Task item: Make an exact copy of the entries, and keep any pictures out of it.
((
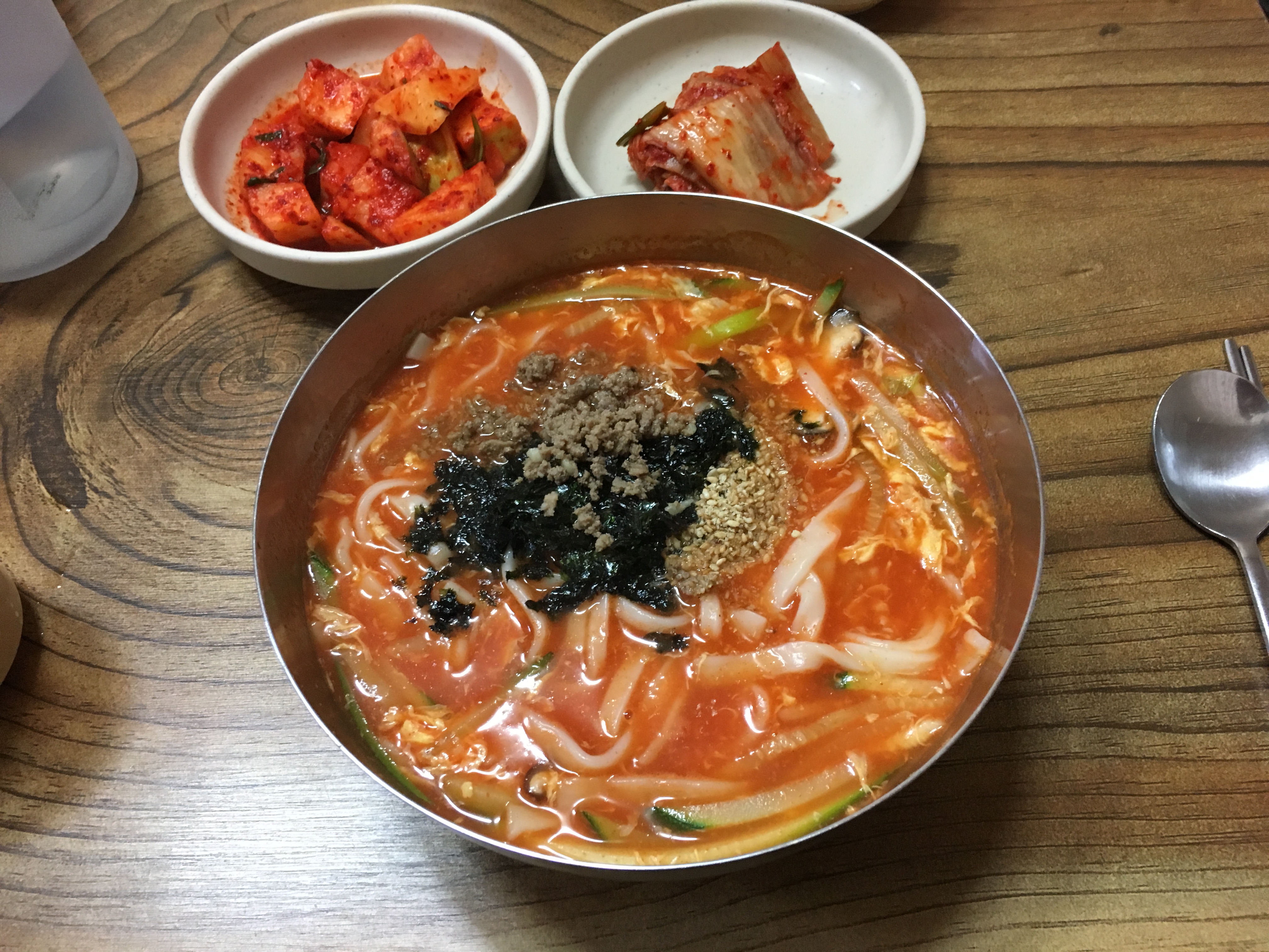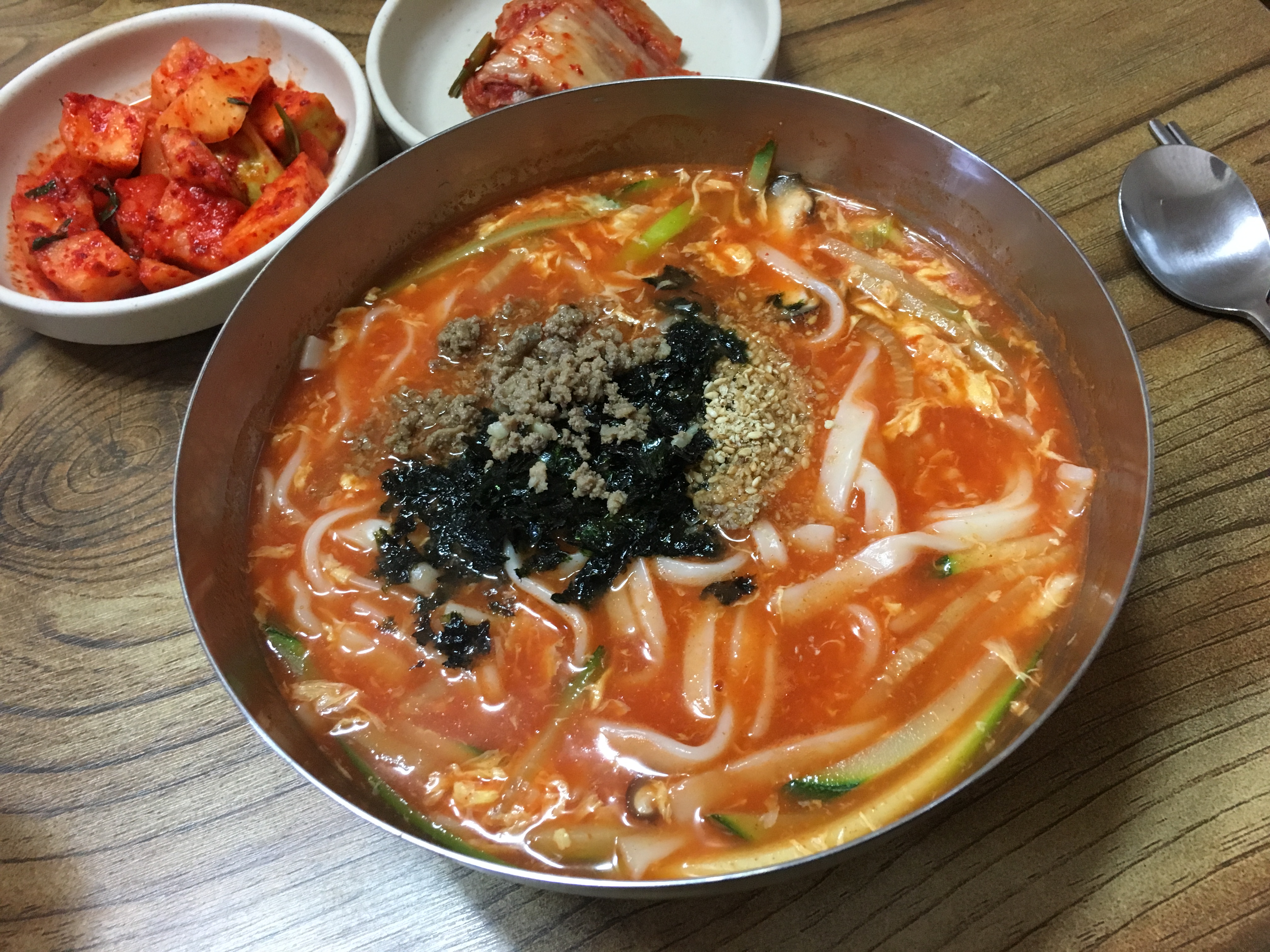 장칼국수라고 보면 되는데 국물에 고추장 맛이 나면서 시원했다.
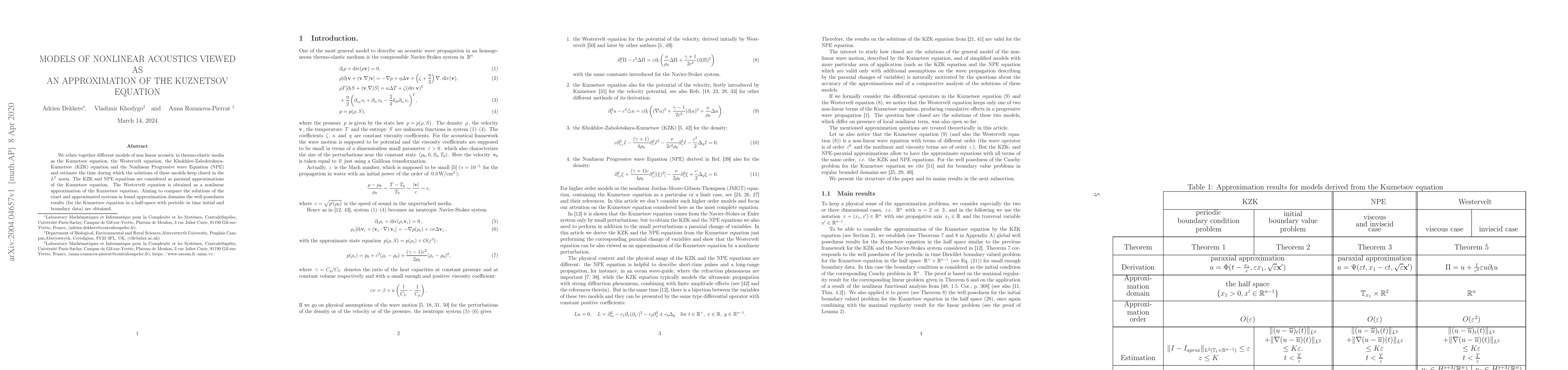 We relate together different models of non linear acoustic in thermo-ellastic media as the Kuznetsov equation, the Westervelt equation, the Khokhlov-Zabolotskaya-Kuznetsov (KZK) equation and the Nonlinear Progressive wave Equation (NPE) and estimate the time during which the solutions of these models keep closed in the L 2 norm. The KZK and NPE equations are considered as paraxial approximations of the Kuznetsov equation. The Westervelt equation is obtained as a nonlinear approximation of the Kuznetsov equation. Aiming to compare the solutions of the exact and approximated systems in found approximation domains the well-posedness results (for the Kuznetsov equation in a half-space with periodic in time initial and boundary data) are obtained.
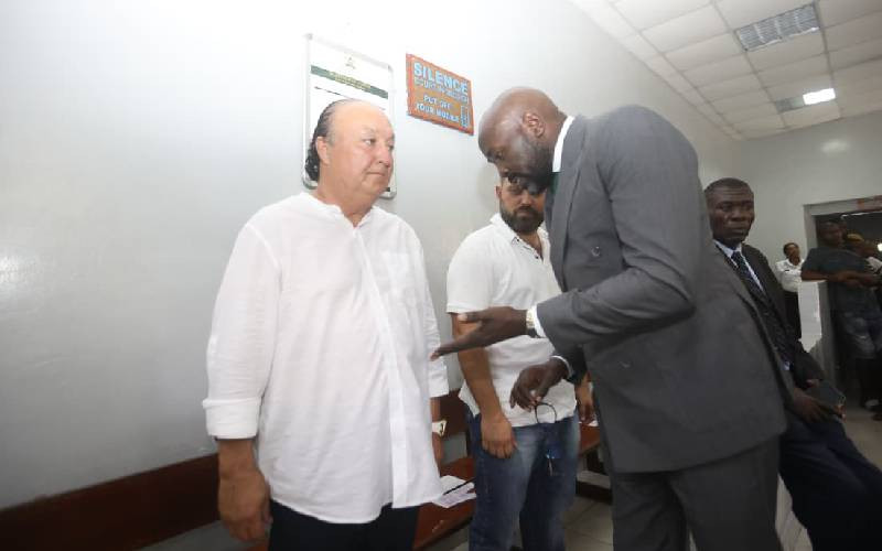 Turkish billionaire Osman Elsek, Gokmen Sandikci and lawyer Cliff Ombeta at the Mombasa Law Courts on January 27, 2026. [Kelvin Karani, Standard]
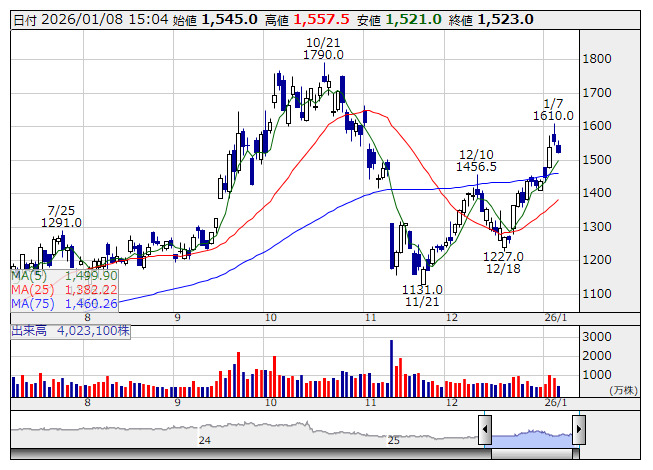 SUMCO <日足> 「株探」多機能チャートより■財務省 : 1月8日受付
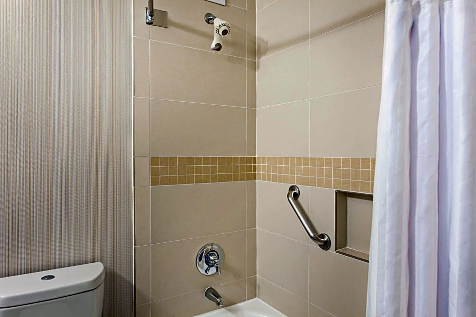 This mobility and hearing accessible suite features a roll-in shower. A visual alarm, notification devices for the doorbell or door knock and incoming telephone calls are offered. A microwave, a refrigerator and coffee and tea-making facilities are provided.
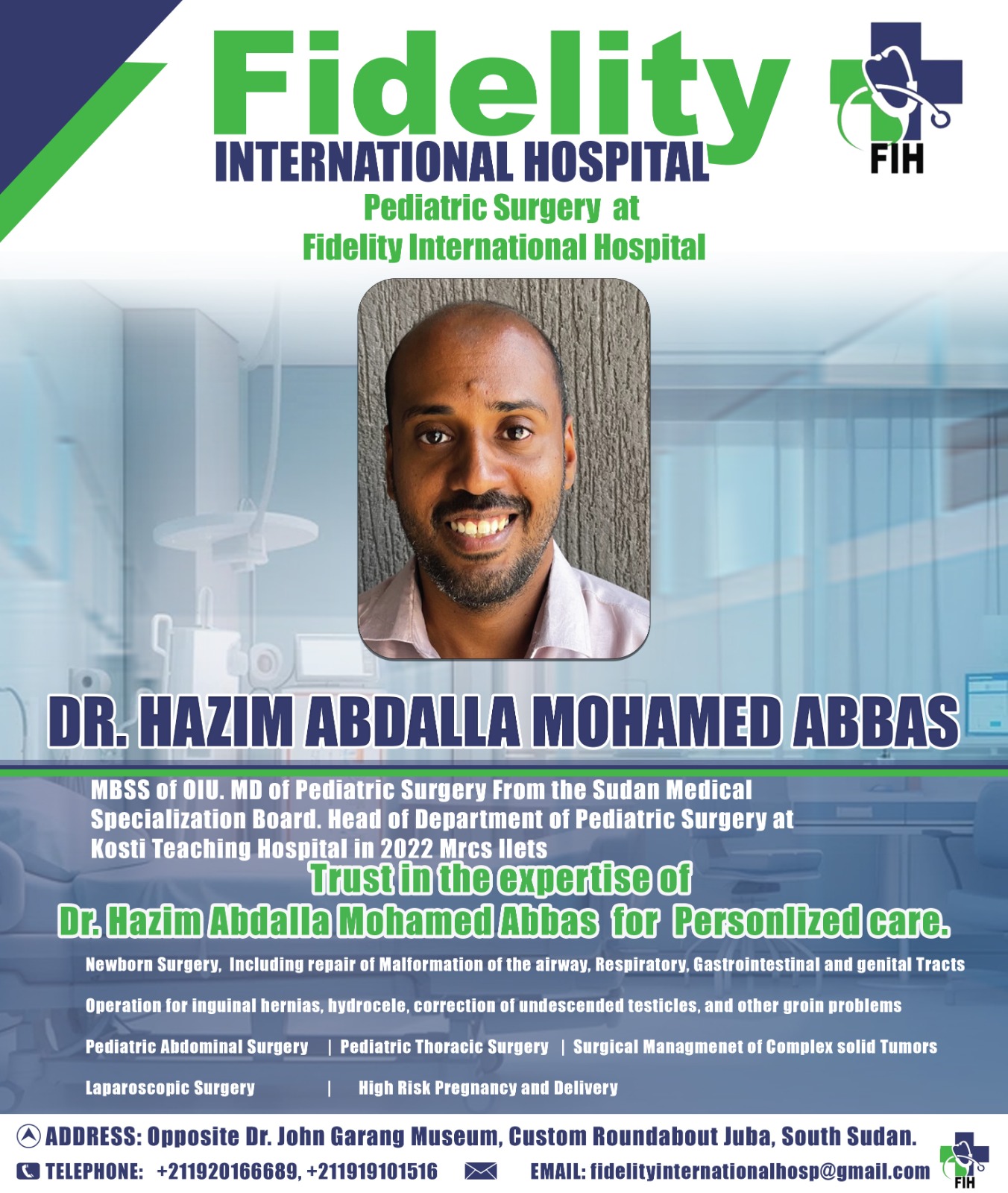 Hazim Abdalla Moha med Abass MBBS, specialist of Pediatric surgery MD on March 2023 of Sudan Medical Specialization Board. I am dedicated doctor with aim of utilizing my potentials, knowledge and clinical skills to achieve excellence and to be part of multidisciplinary health care team in pediatric surgery. Courses and workshops Research methodology workshop held in 2017 at Maharat in Sudan. The severe Trauma instruction course held in continuous professional development center by Sudan association of surgeons- January 2018. Basic surgical skills course held in continuous professional development center by Sudan association of surgeon- Mach 2018. Neonatal surgery workshop by SMSB and Sudanese association of pediatric surgery 2021. IELETS holder at 2019, overall band score 6.5.
))
Response for this exercise:
 장칼국수라고 보면 되는데 국물에 고추장 맛이 나면서 시원했다.
 We relate together different models of non linear acoustic in thermo-ellastic media as the Kuznetsov equation, the Westervelt equation, the Khokhlov-Zabolotskaya-Kuznetsov (KZK) equation and the Nonlinear Progressive wave Equation (NPE) and estimate the time during which the solutions of these models keep closed in the L 2 norm. The KZK and NPE equations are considered as paraxial approximations of the Kuznetsov equation. The Westervelt equation is obtained as a nonlinear approximation of the Kuznetsov equation. Aiming to compare the solutions of the exact and approximated systems in found approximation domains the well-posedness results (for the Kuznetsov equation in a half-space with periodic in time initial and boundary data) are obtained.
 Turkish billionaire Osman Elsek, Gokmen Sandikci and lawyer Cliff Ombeta at the Mombasa Law Courts on January 27, 2026. [Kelvin Karani, Standard]
 SUMCO <日足> 「株探」多機能チャートより■財務省 : 1月8日受付
 This mobility and hearing accessible suite features a roll-in shower. A visual alarm, notification devices for the doorbell or door knock and incoming telephone calls are offered. A microwave, a refrigerator and coffee and tea-making facilities are provided.
 Hazim Abdalla Moha med Abass MBBS, specialist of Pediatric surgery MD on March 2023 of Sudan Medical Specialization Board. I am dedicated doctor with aim of utilizing my potentials, knowledge and clinical skills to achieve excellence and to be part of multidisciplinary health care team in pediatric surgery. Courses and workshops Research methodology workshop held in 2017 at Maharat in Sudan. The severe Trauma instruction course held in continuous professional development center by Sudan association of surgeons- January 2018. Basic surgical skills course held in continuous professional development center by Sudan association of surgeon- Mach 2018. Neonatal surgery workshop by SMSB and Sudanese association of pediatric surgery 2021. IELETS holder at 2019, overall band score 6.5.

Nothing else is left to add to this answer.